**Available data:**
···
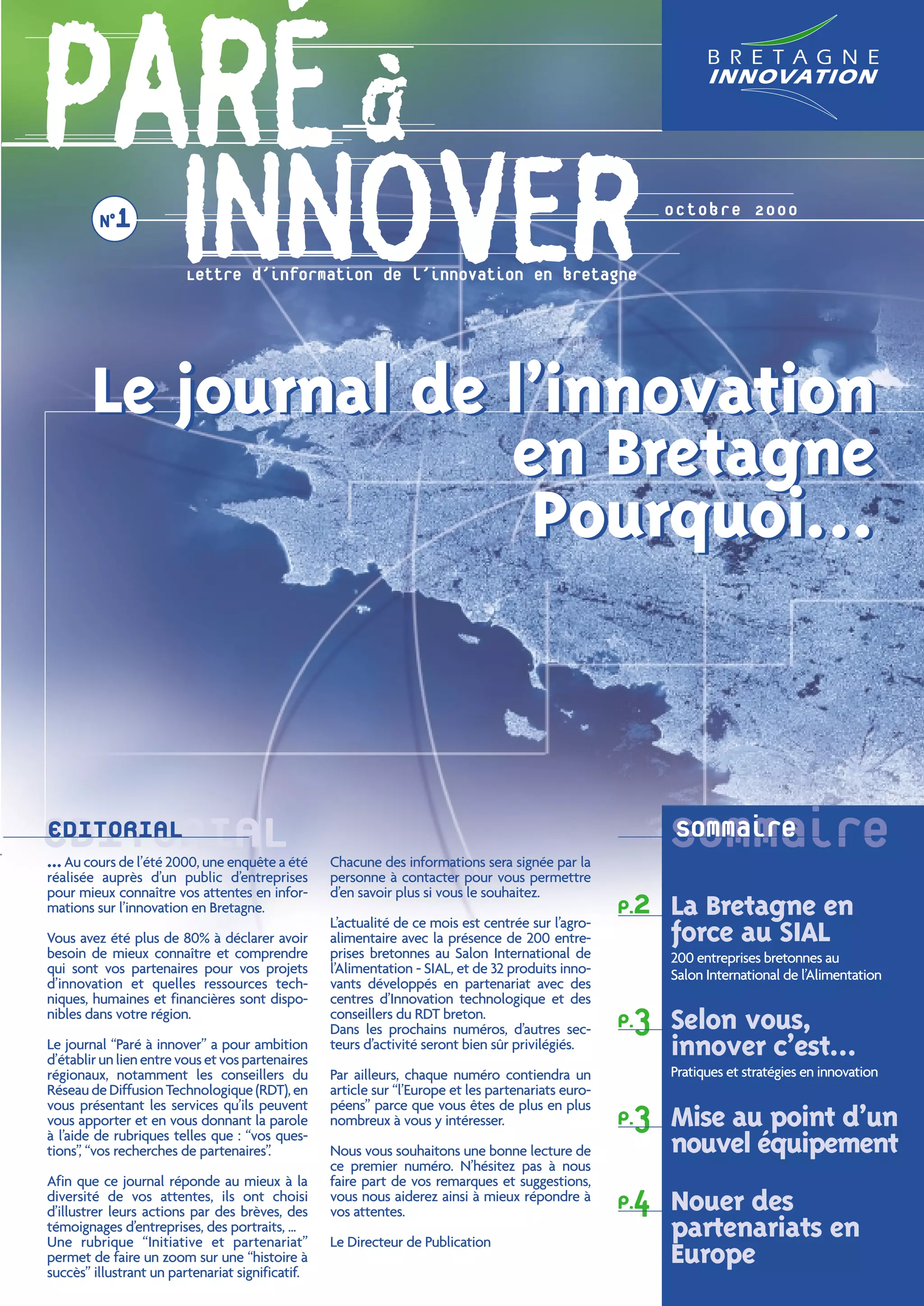 Le document présente le premier numéro de la lettre d'information 'Paré à Innover' sur l'innovation en Bretagne, soulignant des initiatives dans les secteurs agro-alimentaire et technologique. Il informe sur des événements comme le salon SIAL et met en avant des produits innovants ainsi que des partenariats établis entre entreprises et centres de recherche. Le journal cherche à créer des liens entre entreprises et acteurs régionaux pour favoriser l'innovation et recueillir les retours des lecteurs pour améliorer son contenu.
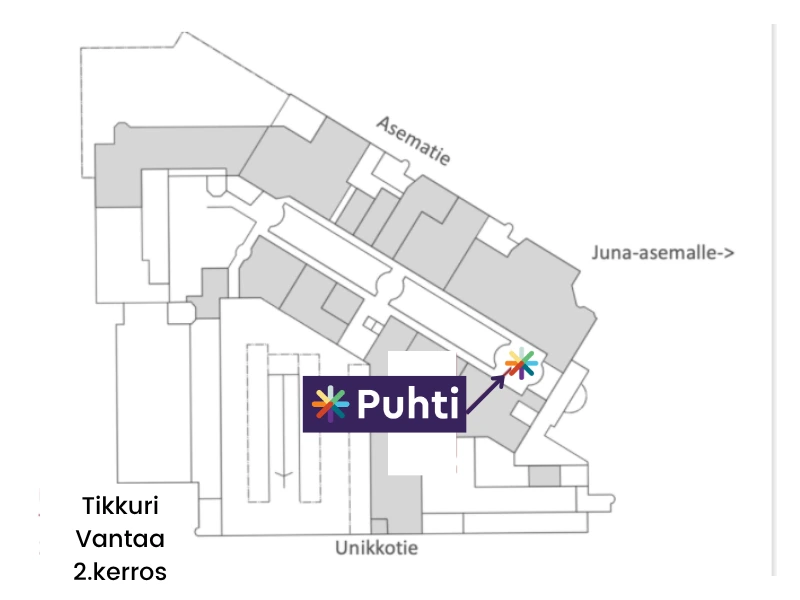 Sijaitsemme Kauppakeskus Tikkurin toisesta kerroksesta läheltä Tempur-liikettä.
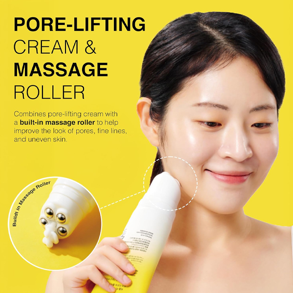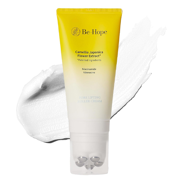 The Be-Hope Vegan Pore Lifting Roller Cream is a K-beauty product that combines an intensive nourishing cream with a built-in gua sha roller for massaging the skin during application. It is designed to tighten pores, improve elasticity, reduce puffiness, and visibly lift facial contours like the nasolabial folds.
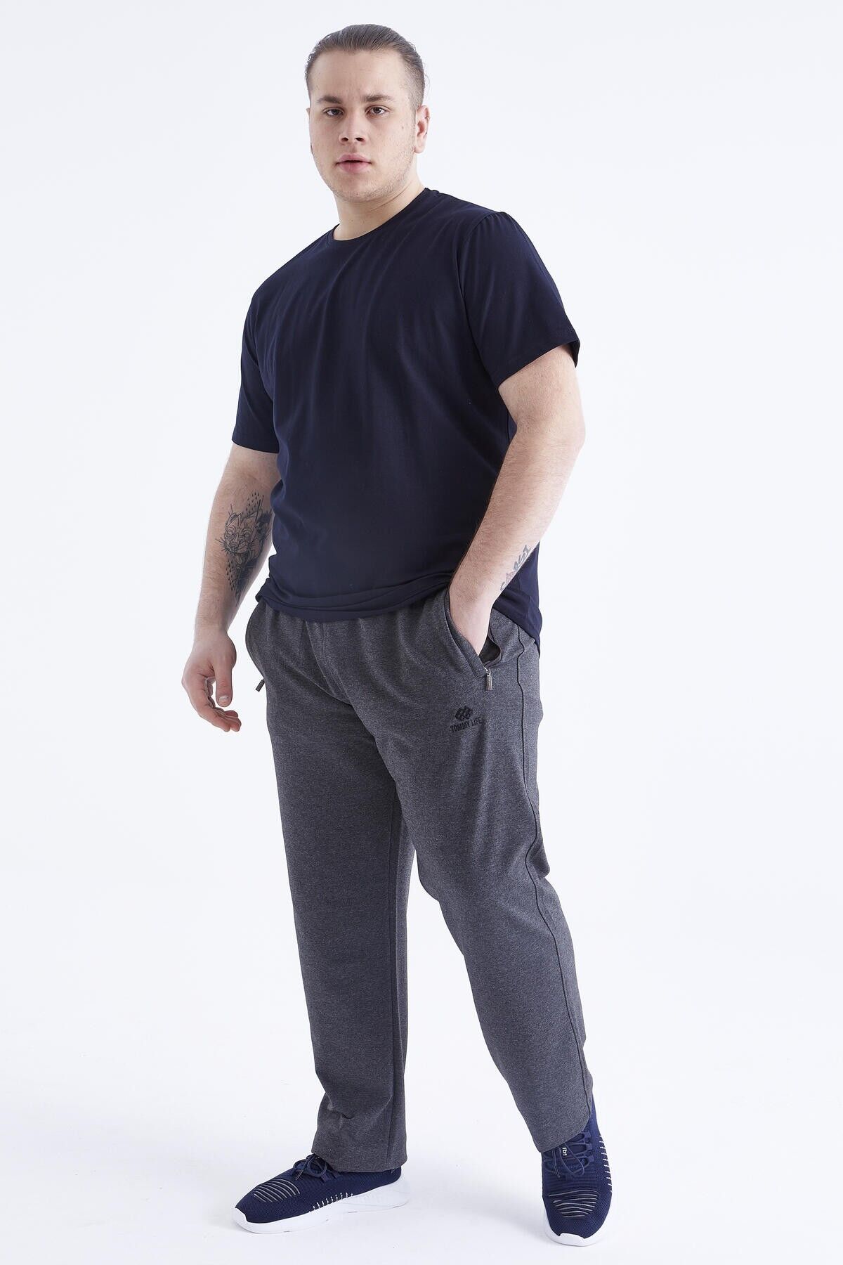 TommyLife Lacivert Basic Kısa Kol O Yaka Büyük Beden Erkek T-Shirt - 88072
···
**Task requirements:** Except for the pictures, return every line of the material exactly.

**Completed exercise:**
 Le document présente le premier numéro de la lettre d'information 'Paré à Innover' sur l'innovation en Bretagne, soulignant des initiatives dans les secteurs agro-alimentaire et technologique. Il informe sur des événements comme le salon SIAL et met en avant des produits innovants ainsi que des partenariats établis entre entreprises et centres de recherche. Le journal cherche à créer des liens entre entreprises et acteurs régionaux pour favoriser l'innovation et recueillir les retours des lecteurs pour améliorer son contenu.
 Sijaitsemme Kauppakeskus Tikkurin toisesta kerroksesta läheltä Tempur-liikettä.
 The Be-Hope Vegan Pore Lifting Roller Cream is a K-beauty product that combines an intensive nourishing cream with a built-in gua sha roller for massaging the skin during application. It is designed to tighten pores, improve elasticity, reduce puffiness, and visibly lift facial contours like the nasolabial folds.
 TommyLife Lacivert Basic Kısa Kol O Yaka Büyük Beden Erkek T-Shirt - 88072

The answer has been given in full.